A replication clock for Mycobacterium tuberculosis.

作者信息

Gill Wendy P, Harik Nada S, Whiddon Molly R, Liao Reiling P, Mittler John E, Sherman David R

机构信息

Division of Allergy and Infectious Diseases, University of Washington Medical Center, 1959 Northeast Pacific Street, Box 356523, Seattle, Washington 98195, USA.

出版信息

Nat Med. 2009 Feb;15(2):211-4. doi: 10.1038/nm.1915. Epub 2009 Feb 1.

DOI:10.1038/nm.1915
PMID:19182798
原文链接:https://pmc.ncbi.nlm.nih.gov/articles/PMC2779834/
Abstract

Few tools exist to assess replication of chronic pathogens during infection. This has been a considerable barrier to understanding latent tuberculosis, and efforts to develop new therapies generally assume that the bacteria are very slowly replicating or nonreplicating during latency. To monitor Mycobacterium tuberculosis replication within hosts, we exploit an unstable plasmid that is lost at a steady, quantifiable rate from dividing cells in the absence of antibiotic selection.
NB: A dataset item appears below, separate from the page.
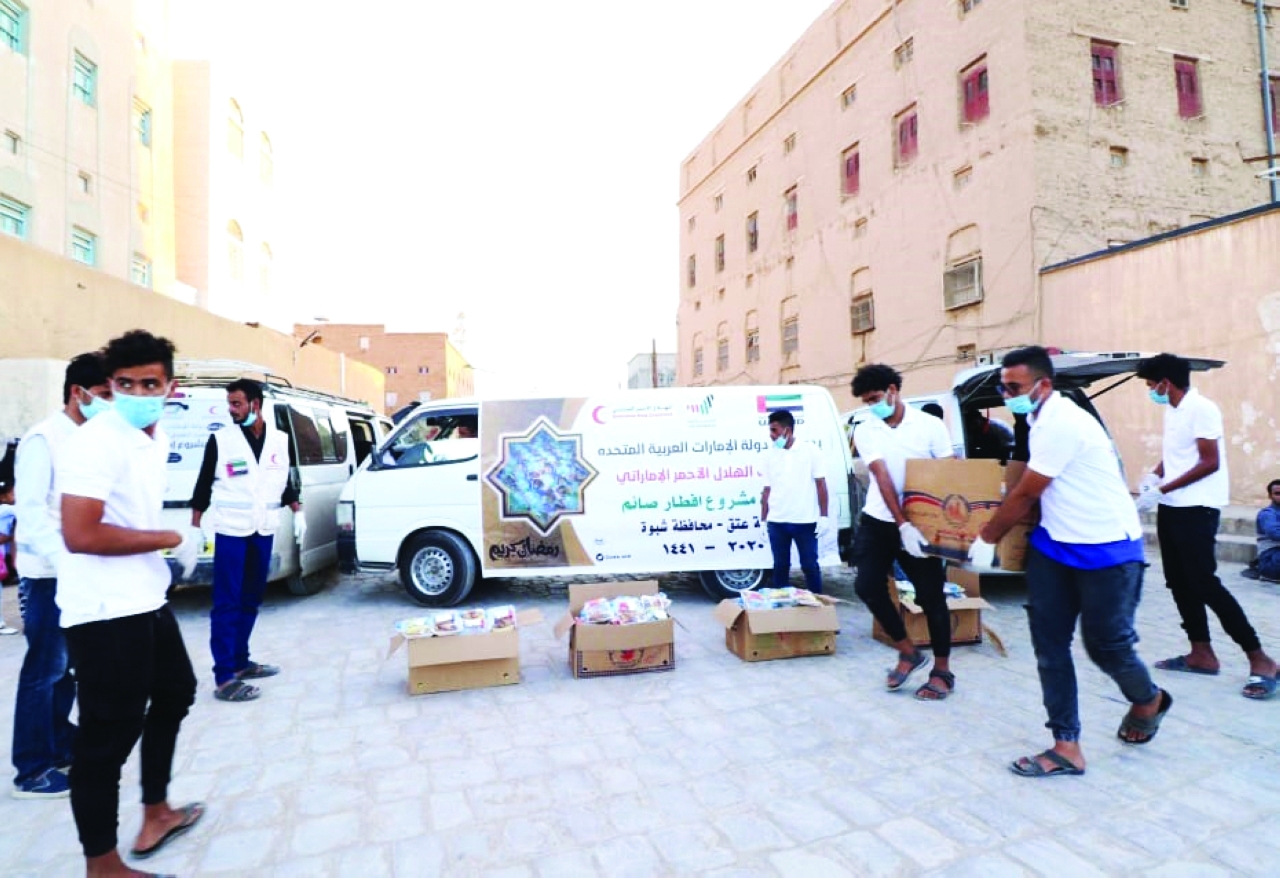 ويتنوع النشاط الإنساني لهيئة الهلال الأحمر، مع حلول شهر رمضان. فقد قامت الهيئة قبل ثلاثة أيام، بتوزيع المير الرمضاني، استفاد منه 360 ألف شخص في حضرموت وشبوة والساحل الغربي بمحافظة الحديدة.

By applying a mathematical model, we calculate bacterial growth and death rates during infection of mice. We show that during chronic infection, the cumulative bacterial burden-enumerating total live, dead and removed organisms encountered by the mouse lung-is substantially higher than estimates from colony-forming units. Our data show that M. tuberculosis replicates throughout the course of chronic infection of mice and is restrained by the host immune system. This approach may also shed light on the replication dynamics of other chronic pathogens.

摘要

用于评估慢性病原体在感染期间复制情况的工具很少。这一直是理解潜伏性结核病的一个重大障碍,并且开发新疗法的努力通常假定细菌在潜伏期间复制非常缓慢或不复制。为了监测宿主内结核分枝杆菌的复制,我们利用一种不稳定的质粒,该质粒在没有抗生素选择的情况下,会以稳定、可量化的速率从分裂细胞中丢失。通过应用数学模型,我们计算了小鼠感染期间细菌的生长和死亡率。我们表明,在慢性感染期间,累积细菌负荷(计算小鼠肺部遇到的活的、死的和清除的生物体总数)大大高于集落形成单位的估计值。我们的数据表明,结核分枝杆菌在小鼠慢性感染过程中持续复制,并受到宿主免疫系统的抑制。这种方法也可能有助于揭示其他慢性病原体的复制动态。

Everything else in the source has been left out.